Supervisor: Dr. Wieland Fricke
Root hairs are an outgrowth of individual epidermal cells at the surface of roots. Root hairs increase the surface area of roots for very little investment of resources, and being thin, allow easy access of nutrients and water between soil colloids. Thus, root hairs are thought to have an important role in nutrient and water uptake by plants. There exist mutants of barley which have a very reduced number of root hairs. In this project, we want to test, whether the reduction in root hair number also reduces the water uptake of roots, or whether the remaining part of root increases their water uptake properties (hydraulic conductivity), for example through increased gene expression of aquaporins. These are water channels in the membrane of cells. Also, by comparing expression of aquaporin isoforms in root hair mutants (few root hairs) and wild-type barley plants, we should be able to identify any particular aquaporins which are expressed in root hairs (present in wild-type, almost absent in mutant).
Aim: In this project, we will grow barley plants (wildtype, mutant) until they are two weeks old and compare the gene expression of a set of candidate aquaporin isoforms between plants. Expression will be quantified using qPCR. Hydraulic properties of roots will be analysed using exudation measurements. Leaf and root surface area will be determined by analysing scanned images of roots and leaves with freely-available software (ImageJ). Transpiration will be determined gravimetrically.
Supervisor: Dr. Wieland Fricke
Plants need to adjust the rate of water uptake through the root system to the rate of transpirational water loss through the shoot. It is not clear how this regulation is achieved. The traditional view would be that such a regulation is achieved through the shoot, by means of adjusting the stomatal pore size, yet the discovery of aquaporins (AQPs), membrane water channels, has opened the possibility that this regulation can also be achieved through AQPs in roots. Barley plants which are about two weeks old have five to seven roots. When most of these roots are removed, plants still take up almost as much water as before removal of these roots. We don’t know how barley plants do this, but the most likely possibility is that the activity and possible gene expression of AQPs in the remaining roots is increased. This will enable more water uptake per unit remaining root surface.

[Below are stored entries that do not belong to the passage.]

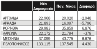 Στην Κορινθία ο νέος περιφερειάρχης έλαβε 6.876 περισσότερες ψήφους από τη Ν.Δ. ενώ στους υπόλοιπους νομούς το κόμμα της αξιωματικής αντιπολίτευσης έλαβε περισσότερες ψήφους από το συνδυασμό "Πρωτοβουλία για την Πελοπόννησο.
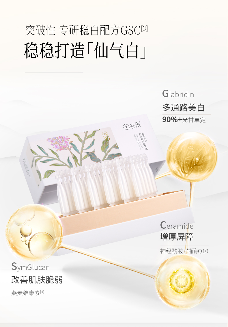 - 谷雨,更适合中国人肤质的植萃美白。专研中华珍稀美白植萃光甘草定,深入研究中国人肤质特点,打造中国女性独有的仙气白。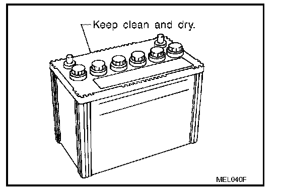- The battery surface (particularly its top) should always be kept clean and dry.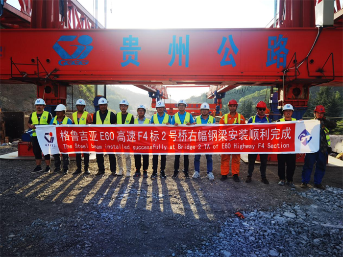 格鲁吉亚2号桥右幅钢梁吊装完成

Aim: The aim of the project is to test this idea by removing all but one of the roots of 14d-old barley plants and then measure changes in plant water flow and AQP gene expression (qPCR) during the following two days. This is a combined molecular/plant physiological/environmental sciences project.

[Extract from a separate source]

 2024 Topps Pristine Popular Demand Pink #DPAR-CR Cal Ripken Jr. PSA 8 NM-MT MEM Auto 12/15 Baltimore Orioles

Supervisor: Assoc. Prof Mary-Kelly Quinn
The term intermittent to used to describe streams that dry up for a period of time, these include all temporary or intermittent and ephemeral streams. Intermittent streams do not flow for certain parts of a year, whereas ephemeral streams typically only flow during storm events. They are considered to account for more than 30% of the total length and discharge of the global river network. The headwaters of many streams expand and contract in response to fluctuations in surface and groundwater levels. The duration and extent of drying channel is projected to increase in many areas due to climate change and this will have significant consequences for aquatic fauna in the headwaters but also further downstream. Little is known about the ecology of temporary streams in Ireland and the consequences of climate changes for these reaches. Furthermore, there has been no mapping of the expansion and contraction of the wetted channel in headwaters in Ireland. This project will map the expansion-contraction cycle of wetted channel networks in a catchment on the east coast of Ireland and will examine the aquatic macroinvertebrate communities living near the moving front. Useful reading available here.

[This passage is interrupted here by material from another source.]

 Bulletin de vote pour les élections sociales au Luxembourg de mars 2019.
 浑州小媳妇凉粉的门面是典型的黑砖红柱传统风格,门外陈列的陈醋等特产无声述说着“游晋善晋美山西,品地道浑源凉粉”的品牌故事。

Supervisor: Dr. Gavin Stewart
Urea transporters, such as UT-B, are used to transport urea across cell membranes and are located in a wide variety of tissues - such as the kidney, bladder, colon and brain. They are known to play important functions in the mammalian urine concentrating mechanism, symbiotic relationships with colonic bacteria, and the removal of the toxic waste product urea from the brain. Recent studies have shown alterations in UT-B transporters to be linked to a wide range of clinical conditions, such as bladder cancer or potentially even Alzheimer's Disease. Utilizing cell culture, RT-PCR, western blotting and immunolocalization techniques, this project will investigate the cellular pathways involved in the normal physiological regulation of UT-B urea transporters. In particular, we will use human cell lines (e.g. RT4 urothelial cells) to investigate the effects of osmolality, urea concentration and/or protein kinase inhibitors on these important transport proteins.
Supervisor: Dr. Simone Ciuti School of Biology and Environmental Science, Laboratory of Wildlife Ecology and Behaviour LAB LINK
Inter-individual variability in animal behaviour within wild populations is an important component influencing their resilience to external perturbations such as human disturbance, climate and habitat change. When such differences are consistent through time, we typically refer to them as personality traits. Personality differences are indeed a widespread phenomenon throughout the animal kingdom, with important consequences for species ecology and evolution. This project aims to test the hypothesis that behavioural traits recorded at captures (e.g. reaction to capture, vocalization, and behaviour at release) in fallow deer fawns of Phoenix Park (Dublin) are highly repeatable over replicated captures of fawns and are a good proxy for their personality. The student will join the Phoenix Park capture team during the fawning season of June 2019 and will collect behavioural data on more than 100 fawns during their captures. Fieldwork in the Phoenix Park would imply to learn how to capture and handle deer fawns and is expected to be completed by the end of June, leaving the month of July for the data analysis. This is a unique opportunity for students to gain experience in the field of wildlife research and join an experienced team of students and academic staff with long-term experience in animal behaviour. The ultimate goal of the study is to define a protocol for collecting personality traits in wildlife during capture to be linked to life history traits.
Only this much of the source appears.